From Janet Reid, Literary Agent:
A while back I posted a question from a writer who seriously wondered if her agent was dead or abducted by aliens (no contact for months on end.)
In my reply I mentioned that kind of thing has been happening more often. That observation sparked some interest and some requests for elaboration.
. . . .
Back in the day, and I mean back before email, the internet and Twitter and, let’s face it, transparency, the career path for becoming an agent was starting as an editor at a big publishing house, and learning how the biz worked. There are those who traveled a different route of course, but they were the exceptions, not the norm.
That has changed almost completely.
Many younger agents are starting as agents. Or assistants who are allowed to sign clients. Or interns who are sure they learned everything they need to know and set up shop as agents when their internship is completed.
. . . .
And they’re often alone and unsupported. By alone, I mean they work as sole proprietors or in remote offices from the main agency. By unsupported I mean they do not have someone sitting five feet away who can help them get out of trouble or stop them from getting in to trouble. Of the five cracker jack young agents I know best, ALL started out sitting close to an agent with more experience, an agent who considered it his/her job to guide the younger agent.
And there’s another component to consider. Recently I tallied the lists of tasks I had for each client in 2003. Then I tallied the tasks I had for clients in 2013.
By my count there is three times the work now for each client/book that there was in 2003.
. . . .
So if you’re an agent who’s been doing this forever, and in the last ten years your job has tripled, and your income hasn’t, and all of a sudden there’s this new transparency and people are talking about you on the Internet like you can’t see it, well, sometimes just not dealing with the problems seems pretty much like the avenue of least resistance.
I don’t say this to excuse the behavior. It’s bad behavior. It’s very unprofessional. I’d like to say I’ve never been guilty of behaving this way, but it would not be true.
But what this is has a name: burnout.
. . . .
If you’re an author you’ll want to avoid signing with an agent who is headed down Burnout Ave. How to tell? You ask her clients. Not “is s/he burning out?” but “how’s the communication?” Agents who are burning out generally aren’t communicating well.

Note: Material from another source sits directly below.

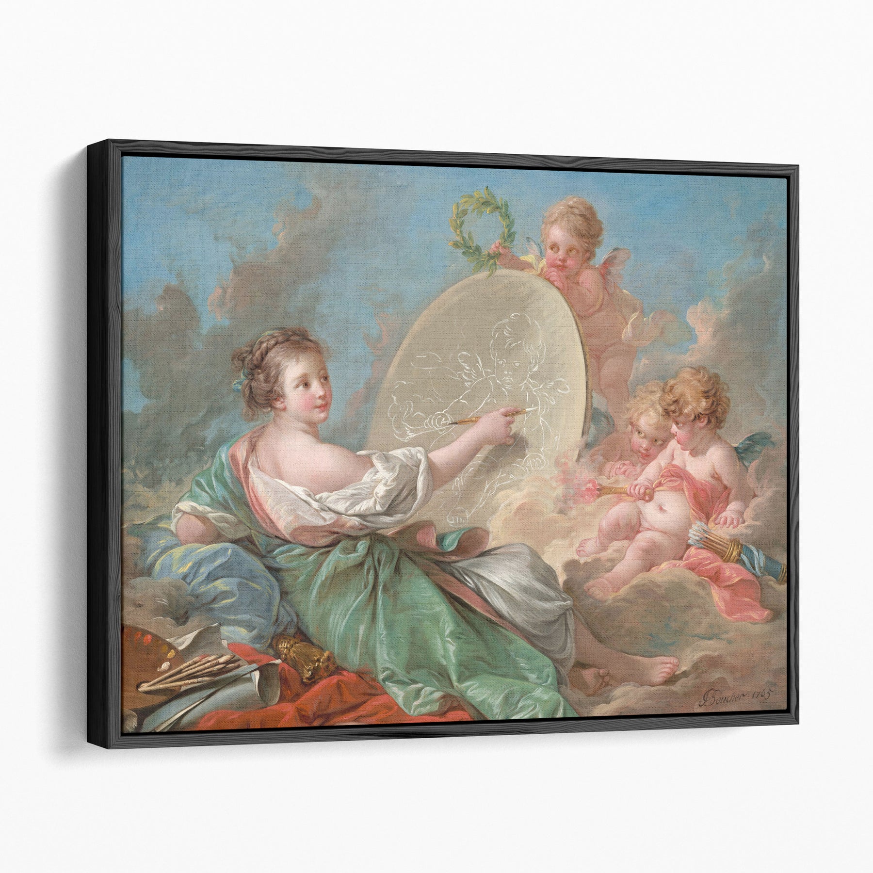 This Rococo allegory shows a draped woman symbolizing Painting, with putti, palettes, and laurel wreaths highlighting creativity and artistic triumph.

Find out how much support an agent has. If things go south, is there someone there to pick up the pieces? A sole prop who goes off the rails leaves her clients in a bigger mess than someone backed by an agency with people who know where the files are.
Link to the rest at Janet Reid, Literary Agent and thanks to Amy for the tip.
PG says a lot of businesses/professions (including lawyers) have a high incidence of burnout.
It’s always a bad idea to deal with a professional who is burned out.
Most state bar associations have resources plus the means of intervening if a lawyer is burning out. None of the associations has a perfect system to the best of PG’s knowledge, but, at least in California, if the bar receives complaints from clients that a lawyer is not returning calls or delivering quality work, the bar will intervene with varying degrees of assertiveness, depending upon the nature and severity of the problem.
PG understands the medical world has similar tools to help a burned-out doc.
However, literary agents are effectively unregulated, except via litigation. As Janet’s post indicates, anybody can offer his/her services as a literary agent. Just released from drug rehab? You can be an agent! Coming out of prison and your parole officer says you need a job? You can be an agent!
PG does not mean to slander skilled, honest and diligent agents. They certainly exist and provide useful services for their clients.
However, when one agent burns out, screws clients and the news hits the internet, all agents collect a little soot.
Where are literary agent licensing laws? Where is the formal, enforceable code of ethics?
Demonstrating some minimal competence and following strict rules for the segregation of author’s funds from agency funds as a condition of receiving a license would set a licensed agency apart and above others. The threat of losing an agent’s license would certainly provide some deterrence for bad behavior. Arbitration of agent/author disputes would be a valuable service a licensing entity could provide.
PG thinks some licenses (pedicurist or interior designer, for example) are silly, but agents receive money, sometimes a lot of money, that belongs to their clients. If publishers won’t talk to authors, the agent is the only avenue through which information flows between authors and publishers. Sometimes this information is very valuable and professional consequences for authors can be severe if the information doesn’t promptly and accurately arrive for them.
Some agents do quit providing services for their clients while still holding onto their right to have the author’s royalties flow through their bank accounts. Or maybe not flow, but rather sit in the agents’ bank accounts for a month or two or three. Or provide a short-term “loan” to cover the rent or cocaine payments.